ESPECIAL: FANGIO, 100 AÑOS

BUENOS AIRES — El arranque en Europa fue con victoria. Juan Manuel Fangio y el equipo argentino pisaron fuerte en el circuito Ospedaletti de San Remo. El Chueco ganó el 3 de abril de 1949 y Benedicto Campos concluyó cuarto.

Luego del debut, el grupo volvió a Galliate, en Italia, donde había establecido su base. De ahí, la delegación partió a Pau. Esa prueba estaba prevista a 110 vueltas, casi 305 kilómetros de recorrido. Fangio tomó la punta en el inicio.

Cuando faltaban pocas vueltas para el final, el Chueco notó que iba quedándose sin aceite. Entonces paró a reponer el lubricante pero sin detener el motor, hasta que un comisario se acercó y lo obligó a que apagara la Maserati.

Cuando la reposición estuvo lista, y ante la falta de un motor para poner en marcha el coche, fue necesario darle manija para que arrancara.

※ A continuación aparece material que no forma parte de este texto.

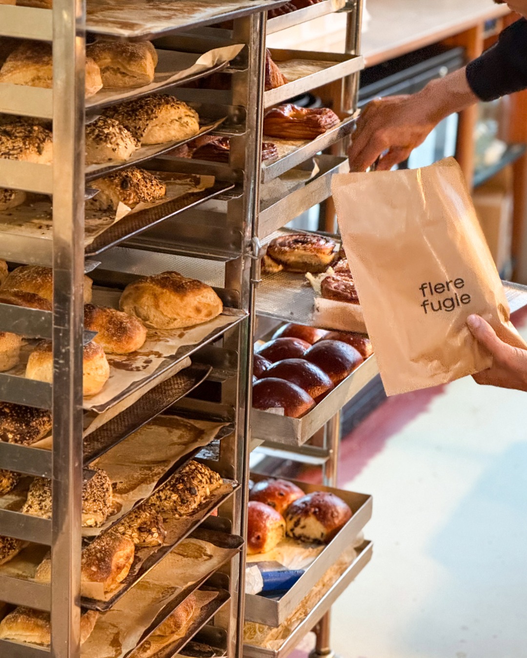 A short distance from Flere Fugle's original Rentemestervej address, their new outpost shifts the focus from café tables to everyday rituals, serving as the primary home for their expanded bakery production. Here, shelves fill with freshly baked breads and pastries, alongside a curated selection of pantry staples, seasonal vegetables, dairy, and house-made ready meals. More neighborhood shop than café, the space makes it easier than ever to bring Flere Fugle home.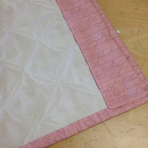 Here you can see a closeup of the back of the quilt that shoes the pretty pink fabric I used for the binding. I also created a channel with the same fabric. This is for a rod to hang on the wall with a dowel.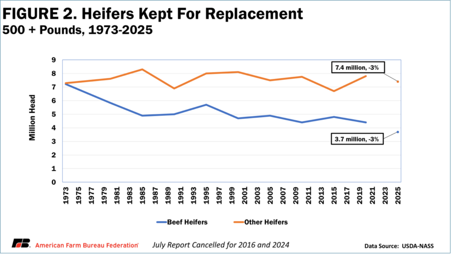 USDA revived the July cattle report after cancelling it in 2024. This report is one of two reports that provides detailed estimates of the inventory of all cattle and calves in the United States. When combined with USDA’s monthly Cattle on Feed report, there is evidence of continued contraction in the U.S. beef herd. If female cattle from this year’s calf crop are kept this fall, they would be capable of producing their first calf in 2027. This would provide an opportunity for the first meaningful growth in the U.S. cattle herd in 14 years and signal the start of a new cattle cycle.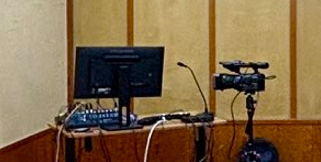 85インチディスプレイに加えて配信用機材も用意されています。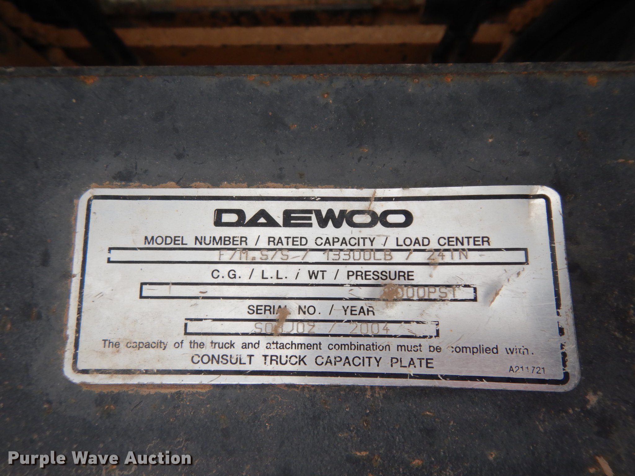 Purple Wave is selling a used Strt. Mast Rough Terr. Forklift in Texas. This item is a 2004 Daewoo D60A-2 forklift with the following: Serial: DP-00165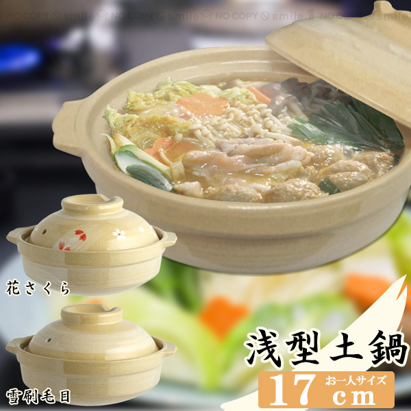 浅型 土鍋 どなべ 17cm 1人 一人鍋 直火 はけめ 刷毛目リビング 陶磁器 鍋料理 刷毛目 花さくら 桜 110608 雪刷毛目 110639 鍋 202210-03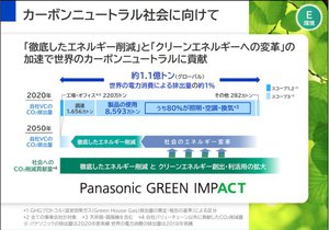 また2050年に向けて重点的に、「B to BやB to Gのお客様にエネルギー削減とクリーンエネルギー創出・利活用の提案を通して、社会のエネルギー変革に貢献する」とした。これをPanasonic GREEN IMPACTとし、グループ全体で拡大にコミットするという。「グループの多様な事業を通じ、くらし、街、モビリティ、サプライチェーンの領域でCO2の削減貢献を加速する。生産で使用するエネルギーを削減、無駄のない使い方をし、化石原料から電気へシフトし、供給エネルギーを再生可能エネルギーへ置き換える。さまざまな産業での需要サイドのアクションが供給サイドの再エネ化を加速させることが社会のエネルギー変革を生むインパクトになる」。

Mientras Fangio esperaba el encendido para volver a la carrera, los mecánicos parecían no tener suficiente fuerza para darle manija a la Maserati. El Chueco saltó desde el habitáculo, empujó al asistente que sostenía la manija y se hizo cargo personalmente del trabajo.

El piloto giró la manivela con todas sus fuerzas hasta que el motor arrancó, justo cuando estaba pasándolo Emmanuel De Graffenried. Fangio lo persiguió y lo superó. Ganó aquella carrera. En la ceremonia de premiación, en lugar del Himno Nacional Argentino sonó una marcha brasileña.

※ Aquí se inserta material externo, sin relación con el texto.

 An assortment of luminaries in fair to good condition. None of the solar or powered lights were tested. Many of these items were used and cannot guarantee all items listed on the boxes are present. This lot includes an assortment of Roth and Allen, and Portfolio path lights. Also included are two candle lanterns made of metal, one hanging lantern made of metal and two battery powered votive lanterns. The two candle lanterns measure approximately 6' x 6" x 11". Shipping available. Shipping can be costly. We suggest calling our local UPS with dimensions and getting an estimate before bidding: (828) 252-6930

Antes de la primera carrera, Fangio y el equipo se habían puesto en contacto con un vendedor de lubricantes, dueño de una pequeña destilería en Milán. La marca era Lubra. Los argentinos pretendían un precio especial para conseguir el aceite de ricino que soportaba altas temperaturas mejor que el lubricante común.

La respuesta del empresario Francesco Corvella derivó en un acuerdo de patrocinio. Ofreció lubricante gratis y 150.000 liras por triunfo a cambio de que los argentinos usaran una gorrita y mamelucos con la marca Lubra. Si se tiene en cuenta que el grupo había pagado 100.000 liras por el camión Dodge-Guerrero con el que se trasladaba a las carreras, la cifra ofrecida por Corvella era tentadora.

Luego de las victorias en San Remo, Pau, Perpignan y Marsella, el proveedor tenía que abonar 600.000 liras. Fangio fue dos veces a buscarlo pero no tuvo éxito. Pensó que el empresario estaba evitándolo para no honrar el compromiso. Sin embargo, en la tercera visita lo encontró, cobró lo prometido e inició una amistad con Corvella.

Luego de su media docena de victorias en diez carreras en Europa, Fangio regresó a la Argentina en agosto de 1949. Campos, en cambio, se quedó y corrió en Monza con una Maserati. El equipo argentino había acordado que la temporada estaba concluida y al Chueco le disgustó la actitud de Campos, quien sostenía que el coche usado era de la fábrica.

Sin embargo, cuando volvió al país el distanciamiento fue definitivo. Convocados por Eva Duarte en el Ministerio de Acción Social, la mujer de Juan Domingo Perón les comunicó a Fangio y Campos que el gobierno pretendía regalarles las Ferrari con las que habían corrido.

El Chueco, según contó, se negó a recibir tal obsequio: consideraba que los autos eran del equipo argentino, y que éste debía seguir enviando corredores a Europa.

La primera carrera de Fórmula Uno con el formato de Campeonato Mundial fue el 13 de mayo de 1950 en Silverstone. Una válvula defectuosa dejó a Fangio fuera de concurso al tiempo que los italianos Giuseppe Farina y Luigi Fagioli, y el inglés Reginald Parnell completaban el 1-2-3 de Alfa Romeo. Una semana después del opaco comienzo, se corrió el Gran Premio de Mónaco.

Antes de su estreno en Mónaco, en la víspera del Gran Premio, Fangio visitó el club organizador y se entretuvo mirando fotos de ediciones anteriores. Una le llamó la atención. Había sido tomada en 1936. En la chicana, durante la primera vuelta, se habían enganchado varios autos: los W25 de Louis Chiron y Manfred von Brauchitsch, el Alfa Romeo 8C de Farina y la Maserati 3,7 litros de Eugenio Siena.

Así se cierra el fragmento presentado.